A surd is a square root number that doesn’t give a whole number answer, e.g. \sqrt{3}.

More generally, we get a surd when we take the square root of a number that isn’t a square number – so \sqrt{2},\sqrt{3},\sqrt{5} are all surds. There are 7 key skills you need to learn when manipulating surds.

This topic will require a good understanding of:

Level 6-7GCSEAQAEdexcelOCRWJECEdexcel iGCSE

Skill 1: Multiplying Surds 

When multiplying surds you simply multiply the numbers inside the square root.

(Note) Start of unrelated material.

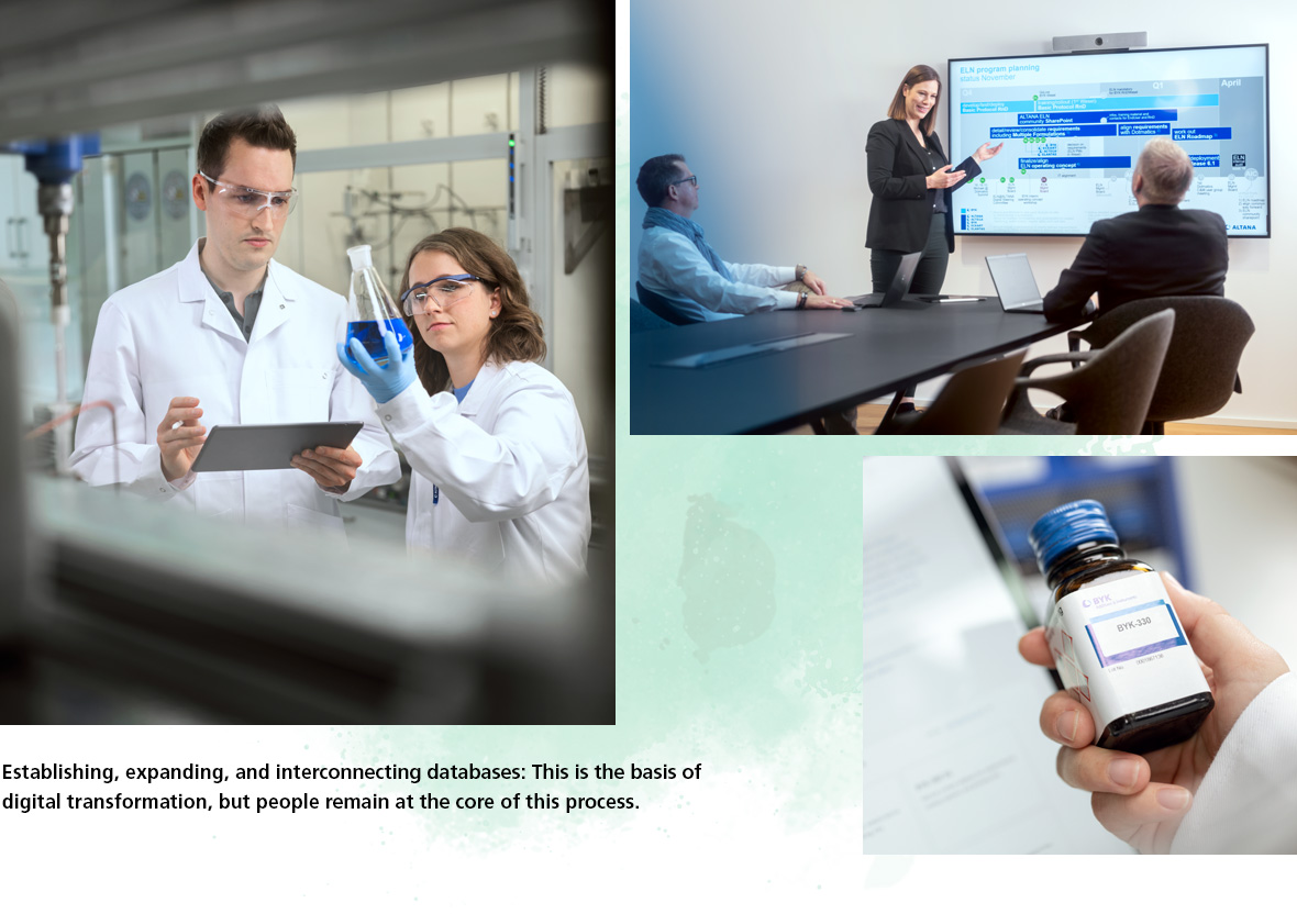 INNOVATIVE STRENGTH ALSO BENEFITS from digital knowledge management. We are striving to digitally make our decades of research results accessible across all divisions. The meticulous preparation of high-quality data is a time-intensive process, but it lays the foundation for offering our customers even better and faster product innovations and services.” In a broader context, ALTANA is committed to progressively building, expanding, and interconnecting databases. Yet, for Axel Vogelbruch, this is just the starting point: “To fully unlock the potential of digital transformation, we must reshape our work methodologies. The central element is, and remains, people.”

\sqrt{\textcolor{red}{a}} \times \sqrt{\textcolor{blue}{b}} = \sqrt{\textcolor{red}{a}\times \textcolor{blue}{b}}

Example: 

\sqrt{7} \times \sqrt{2} = \sqrt{7 \times 2} = \sqrt{14}

2\sqrt{2} \times 3\sqrt{5} = 2\times 3 \times \sqrt{2\times5} = 6\sqrt{10}

\sqrt{6}^2 = \sqrt{6} \times \sqrt{6} = \sqrt{6\times6} =\sqrt{36} = 6

Level 6-7GCSEAQAEdexcelOCRWJECEdexcel iGCSE

Skill 2: Dividing Surds 

When dividing surds you simply divide the numbers inside the square root.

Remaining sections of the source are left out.